The rise of Big Data as the core lubricant of the digital world

Original article was published by Alessandro Prosperi on Deep Learning on Medium


The rise of Big Data as the core lubricant of the digital world

(Image Credit: geospatialworld.net)

“Information is the oil of the 21st century, and analytics is the combustion engine”.

— Peter Sondergaard, Senior Vice President, Gartner Research.

Big Data from Space and the “overview effect”

“I used to tell people I was from Cleveland, Ohio, because that was where I was born. Today, I simply say I am from Earth.”

That’s the world view of former Nasa astronaut Don Thomas who has orbited Earth 692 times. Known as the “Overview Effect”, many astronauts come back from space with a completely different fundamental view of our planet. A new perspective in the space sector has been possible thanks to many analysis tools that offer visualization of data, and have proven to be beneficial, since they make us understand our planet Earth better and unravel the mysteries of the universe.

Big data technology is the product of information technology which aims to meet the challenges faced by increasing amount of information in various fields If we think of all the times we’ve used our phone or computer, how many apps have we logged in to? Have we checked Facebook, Twitter, Instagram, Reddit, or LinkedIn? Do we regularly use Amazon, YouTube, Tinder, Buzzfeed, or Pinterest?
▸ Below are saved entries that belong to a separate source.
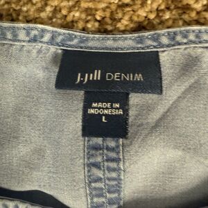 J. Jill Chambray Denim Sun Dress Midi Length Pockets Fringe Womens Size L
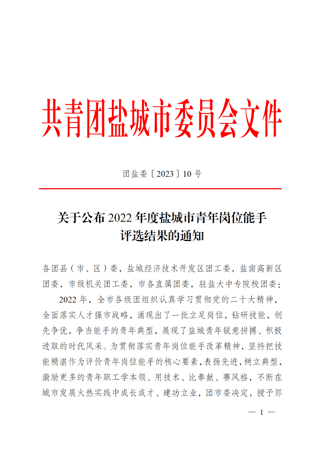近日,共青团盐城市委发布《关于公布2022年度盐城市青年岗位能手评选结果的通知》,集团丁浩明、龚海卫、李睿三名青年同志荣获“2022年度盐城市青年岗位能手”称号。
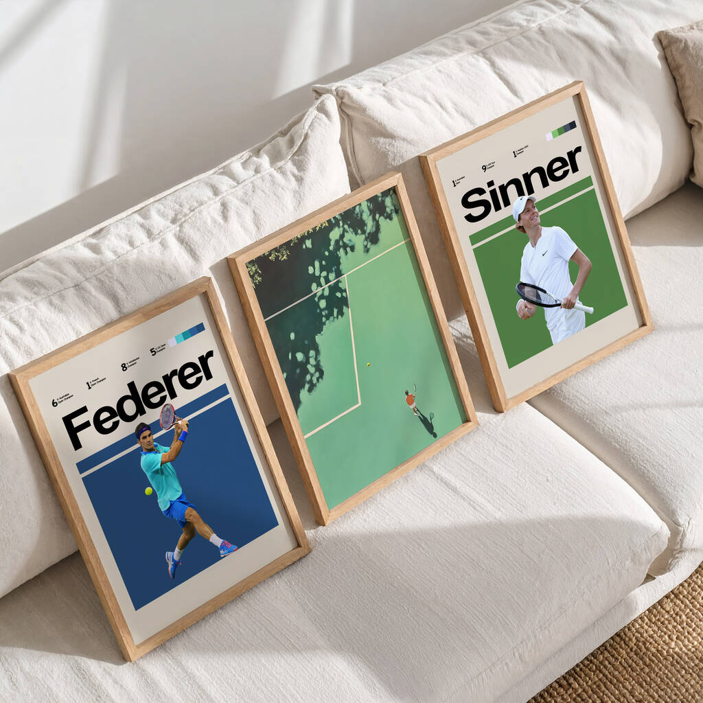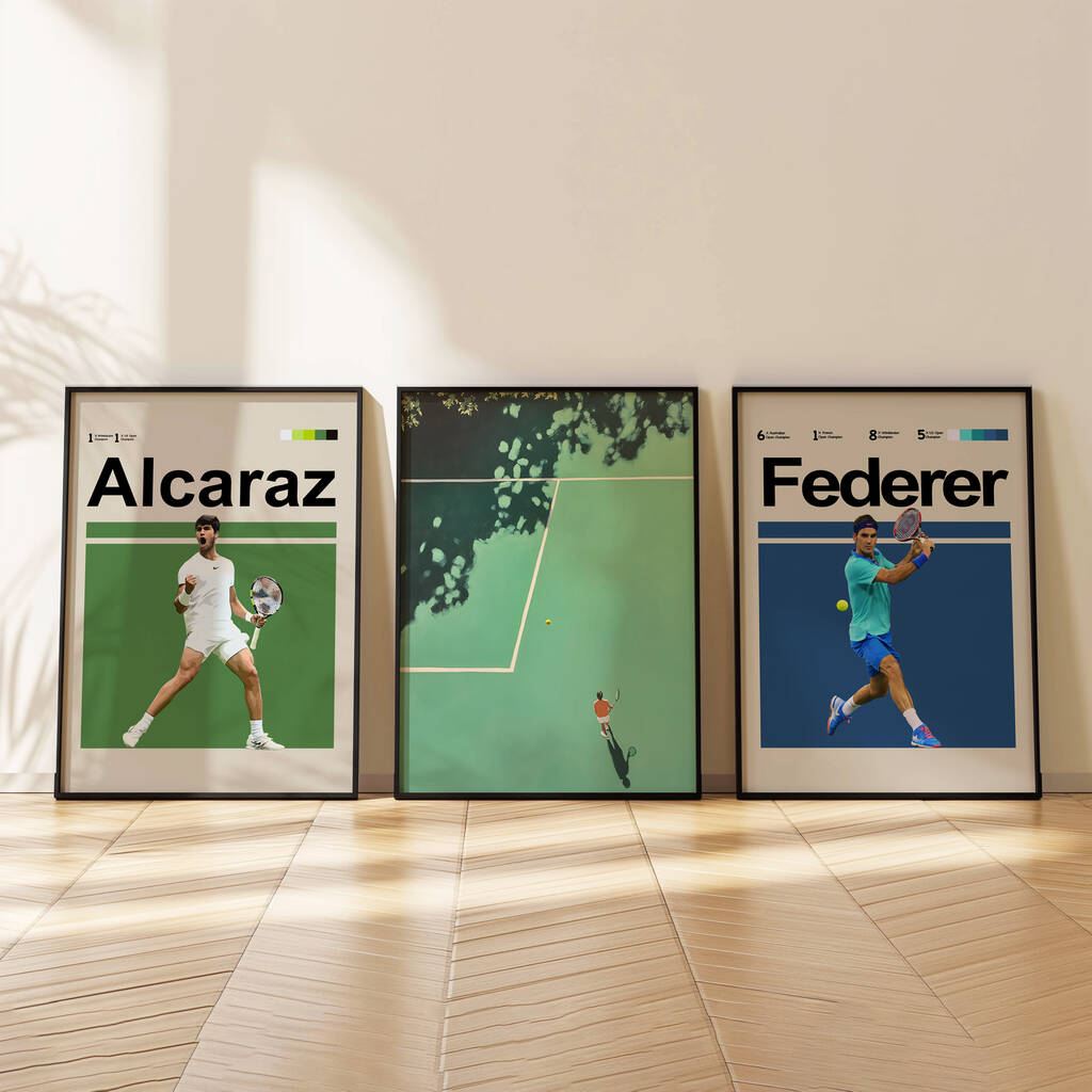 Set Of Three Tennis Posters – Two Players + Court
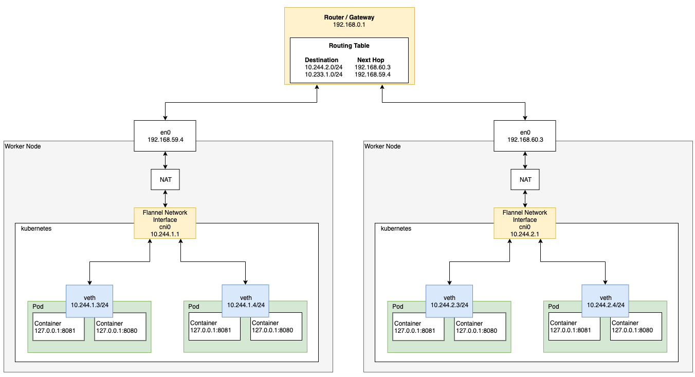너무 간단하기 때문에 kubernetes에서는 Pod 네트워킹 인터페이스로
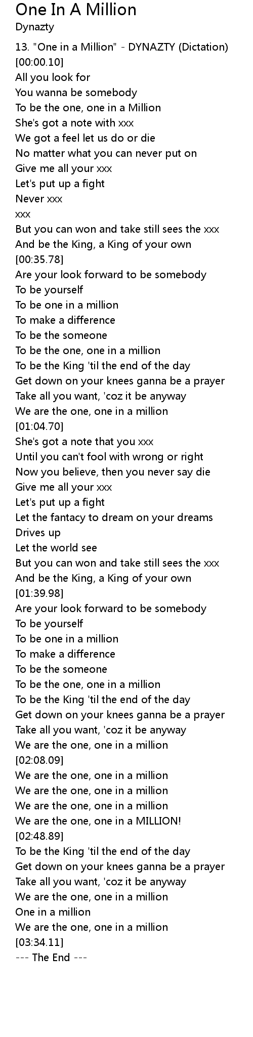 To be the one, one in a Million |
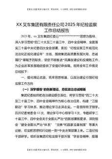 XX叉车集团有限责任公司2025年纪检监察工作总结报告.docx
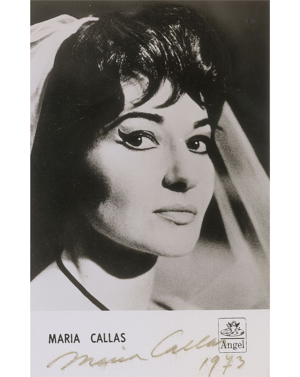 Pretty glossy 4.5 x 7 publicity photo of the renowned soprano, signed in the lower border in black felt tip, “Maria Callas, 1973.” Some brushing and irregular adhesion to ink, otherwise fine condition.

Every one of those app stores or websites that many of us use on a daily basis collect user data to improve user experience and help companies to make educated business decisions. But that’s not all data can help us do.
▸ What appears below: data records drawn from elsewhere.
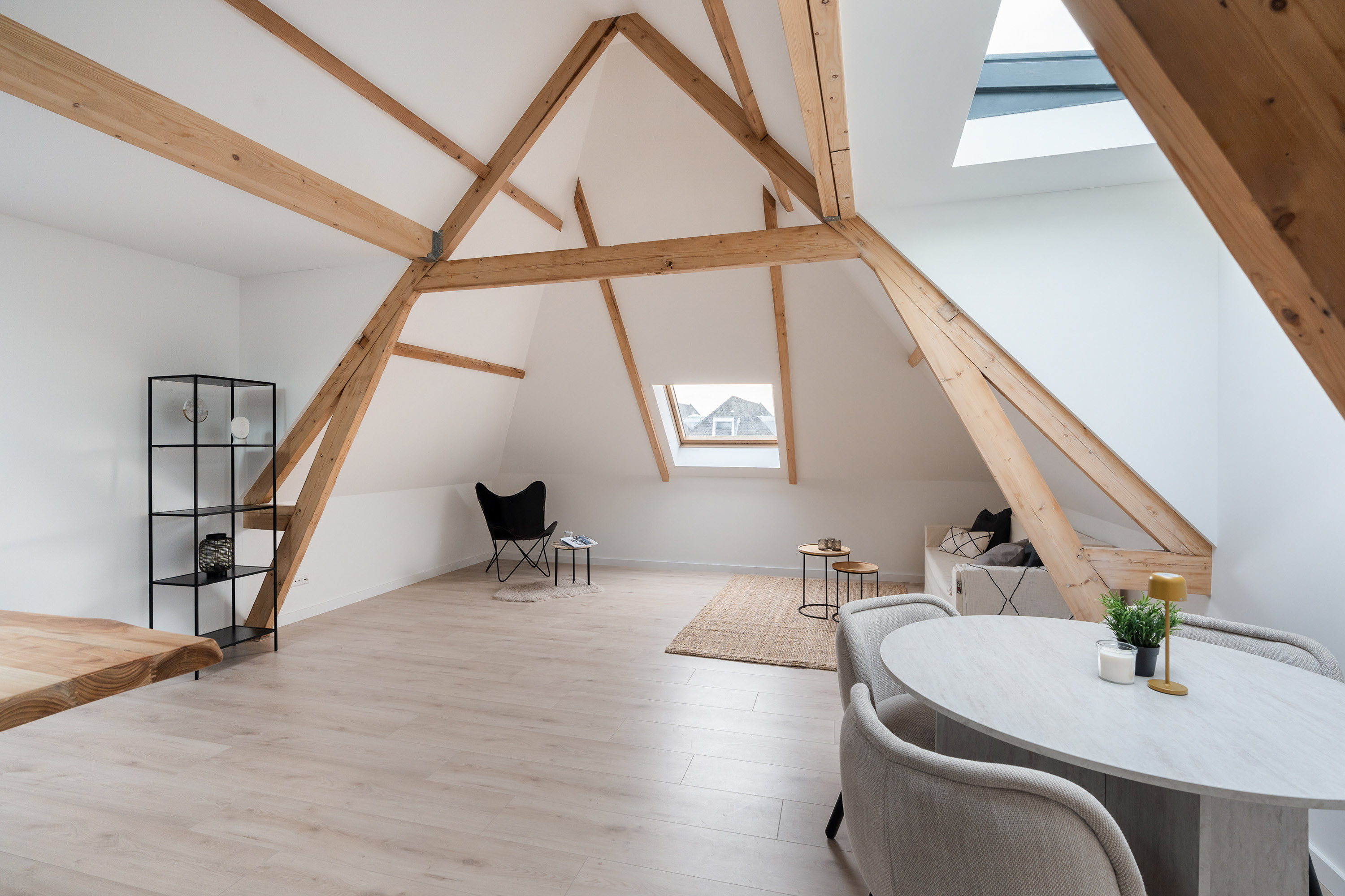 Turn-key, gasloos en stijlvol wonen op een topetage! Dit hoogwaardige 2-kamer appartement combineert modern comfort met karaktervolle details zoals zichtbare houten balken en meerdere lichtstraten. De afwerking is premium en turn-key: strak stucwerk, een warme laminaatvloer en beschikt over een luxe badkamer die aanvoelt als boutique-wellness. Het appartement is volledig gasloos, uitstekend geïsoleerd en voorzien van airco’s, wat resulteert in lage maandelijkse lasten en een toekomstbestendige manier van wonen. Kartaker en comfort op hoog niveau!
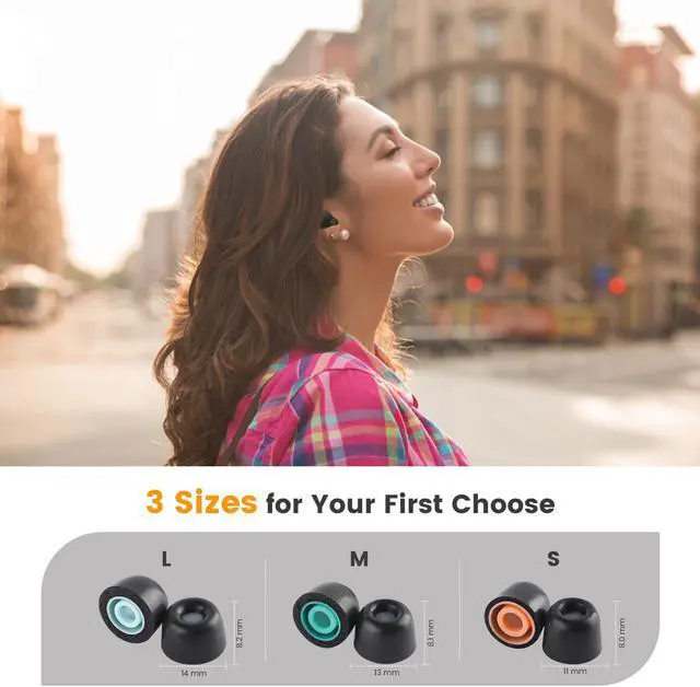 ear tips set: 3 types of eartips, small, medium large, can meet your different needs Earpads are made of memory foam, reusable and durable, breathable, soft to touch and comfortable for your ears.
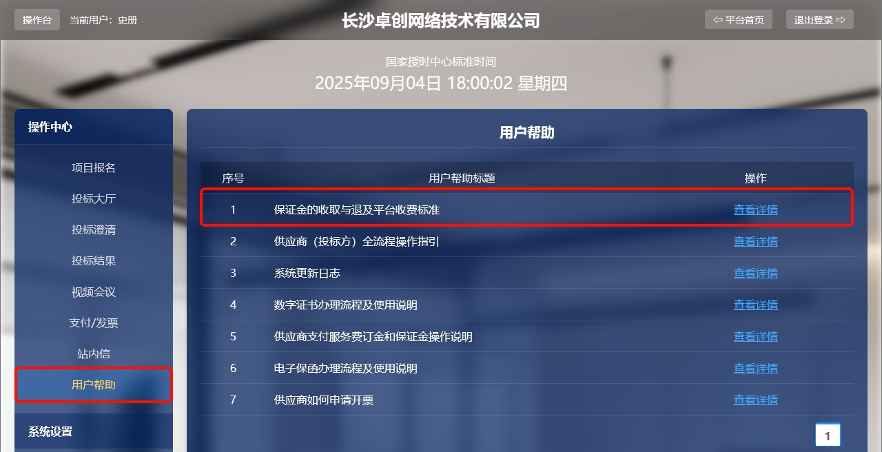 未中标供应商将不收取任何费用(投标保证金将全额原路返还);对中标供应商系统会将差额(投标保证金 - 服务费)原路退回给中标供应商。具体收费标准请登录系统后,点击左侧菜单中的<用户帮助>查看
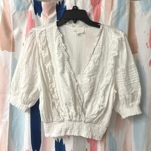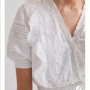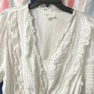 Anthropologie Duet Ginevra Ruffled Embroidered Blouse Size XL
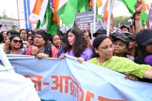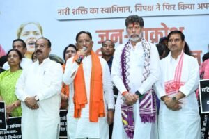 रायपुर। नारी शक्ति वन्दन अधिनियम का विरोध करने वाली कांग्रेस समेत समूचे विपक्ष के खिलाफ प्रदेश की मातृशक्ति ने सोमवार को राजधानी रायपुर में हल्ला बोल कांग्रेस का पुतला दहन किया। भाजपा महिला मोर्चा के नेतृत्व में आज राजधानी रायपुर के इनडोर स्टेडियम से जन आक्रोश पदयात्रा निकाली गई। जन आक्रोश पदयात्रा में हजारों की संख्या में विभिन्न संगठनों से जुड़ीं प्रदेश की हर वर्ग और क्षेत्र से मातृशक्ति जन आक्रोश रैली में शामिल हुई।
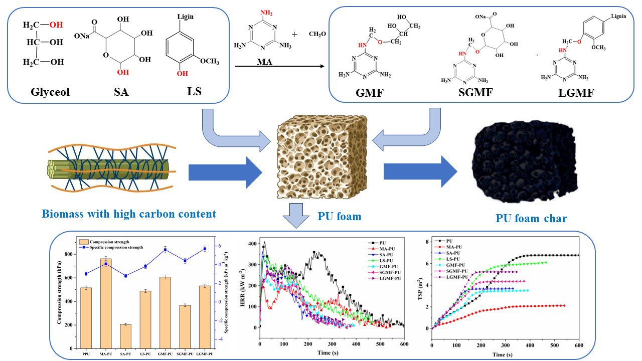 图1. 改性三聚氰胺甲醛树脂和相关聚氨酯泡沫的制备及阻燃特性
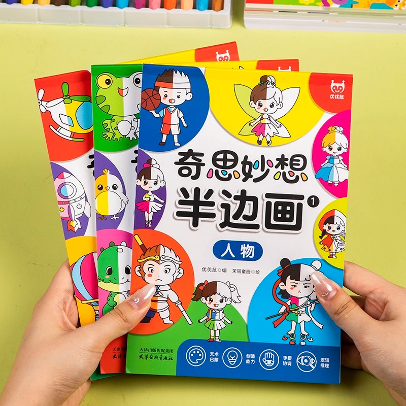 奇思妙想半边画全3册儿童汽车零基础绘画三大主题人物动物交通启蒙培养专注力激发想象力插画涂鸦本儿童画画早教启蒙益智美术教材

Right now, satellites are performing 2 billion instructions per second and delivering data that could help us prevent natural disasters and use natural resources wisely. There have been several data-driven initiatives to make better decisions and improve operational efficiency in sectors including agriculture, forestry, mapping, shipping, or energy.

Using Data to improve life on Earth

More and more companies are starting to open to the space sector as the ever-growing number of affordable satellite services keeps increasing. Considering one industry — agriculture — the implications are enormous. Farmers can use image data to better understand what factors affect the growth of crops, and there are factors that can be detected from space, such as weather patterns, exposure to sunlight, air quality or pest activity, so optimum conditions can be determined.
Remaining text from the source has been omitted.